Avoiding Missteps in Month-over-Month Cloud Spend Analysis
Every March, FinOps teams notice a familiar trend: AWS cloud costs look higher than in February. Alarms go off. Slack threads light up. Engineers are asked to investigate usage spikes. But often, there’s no actual inefficiency — just a calendar quirk that gets overlooked.
The Problem: Misleading Comparisons
It’s easy to fall into the trap of comparing March spend to February and assuming something went wrong. But here’s the catch:
- February has only 28 or 29 days.
- March has 31 days.
That’s a 10.7% increase in time — more hours to run workloads, more days to accumulate storage costs, more time for on-demand resources to tick away. If your usage patterns are consistent, you should expect a higher bill in March.

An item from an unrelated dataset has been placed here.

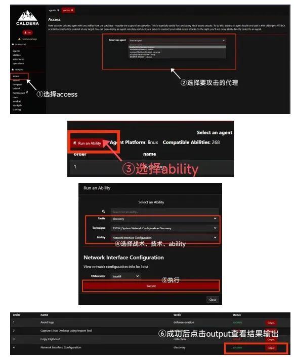 Access提供了CALDERA的Ability中所有功能的单项实现。通过使用Access可以从数据库中为任何具有任意Ability的代理分配任务。这对于执行初始访问攻击特别有用。要做到这一点,需要在目标机器部署一个代理,并使用pre-ATT&CK或初始化Access策略来分配任务,指向任何目标。用户还可以远程部署代理并将其用作代理来执行初始Access攻击。具体操作见图7所示。

The Insight: Time Skews Spend
Month-over-month cost analysis without accounting for time is fundamentally flawed.
Cloud bills are a function of time-based consumption. A longer month means more hours for EC2 instances, EBS volumes, and Lambda invocations to run — even if nothing else changes.
This is why absolute spend comparisons can mislead stakeholders. They might think spend is increasing due to inefficiencies, but often it’s just the month being longer.

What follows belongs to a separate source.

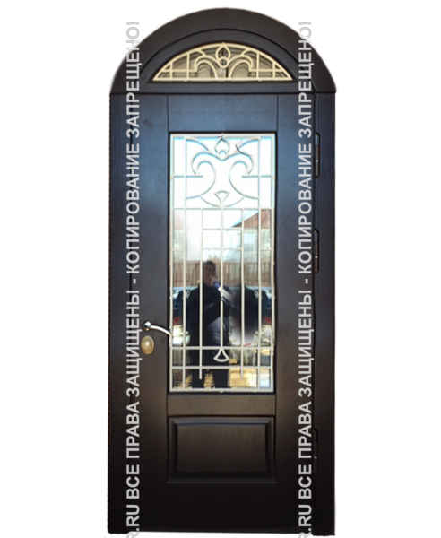 Дверь железная входная подъездная Порошок с ковкой/стеклом 1114

The FinOps Fix: Normalize for Time
Use 730 Hours as a Standard Baseline
One solution is to normalize cloud costs using a time-based metric. FinOps teams often use 730 hours per month as a standard baseline (365 days ÷ 12 × 24 = 730). This smooths out month-length differences and allows for cleaner trend analysis.
Better Metrics:
- Cost per hour
- Cost per day
- Normalized monthly cost = total cost ÷ actual hours × 730
These are more reliable indicators of real usage shifts and efficiency changes.
Technical Example: Normalizing in Athena
If you’re working with AWS Cost and Usage Reports (CUR) in Athena, you can normalize costs using SQL. Here’s a simple query that calculates cost per day and normalized monthly cost:
SELECT
year,
month,
SUM(line_item_blended_cost) AS total_cost,
COUNT(DISTINCT DATE_TRUNC('day', line_item_usage_start_date)) AS days_in_month,
SUM(line_item_blended_cost) / COUNT(DISTINCT DATE_TRUNC('day', line_item_usage_start_date)) AS cost_per_day,
SUM(line_item_blended_cost) / (COUNT(DISTINCT DATE_TRUNC('day', line_item_usage_start_date)) * 24) * 730 AS normalized_monthly_cost
FROM
aws_cur_table
WHERE
product_product_code = 'AmazonEC2' -- or any service filter
AND year = 2024
GROUP BY
year, month
ORDER BY
year, month;
This approach helps identify real cost changes versus calendar-driven fluctuations.
Reporting Recommendations
To make this actionable in your reporting:
- Include normalized metrics like cost per day or per hour alongside total cost.
- Visualize both raw and normalized values in charts — bar graphs with dual axes work well.
- Educate stakeholders on why March costs more than February, even when nothing changed.
This isn’t just a reporting tweak — it’s a FinOps best practice for accurate budgeting, forecasting, and anomaly detection.
Optional Visualization
Consider a chart like this in your dashboard:
Month | Raw Spend | Normalized Cost (730 hrs) |
---|---|---|
February | $31,000 | $33,500 |
March | $34,000 | $33,600 |
This shows that while the March bill is higher, normalized cost is nearly flat — telling a much more accurate story.
Call to Action: Make Normalization the Default
If you’re using Grafana, Looker Studio, Excel, or any other BI tool for FinOps, start adding normalized cost metrics into your dashboards. Set the expectation that trends should be viewed through the lens of time, not just dollars.
It’s a small shift, but it saves time, avoids miscommunication, and gives a clearer picture of what’s really happening in your cloud environment.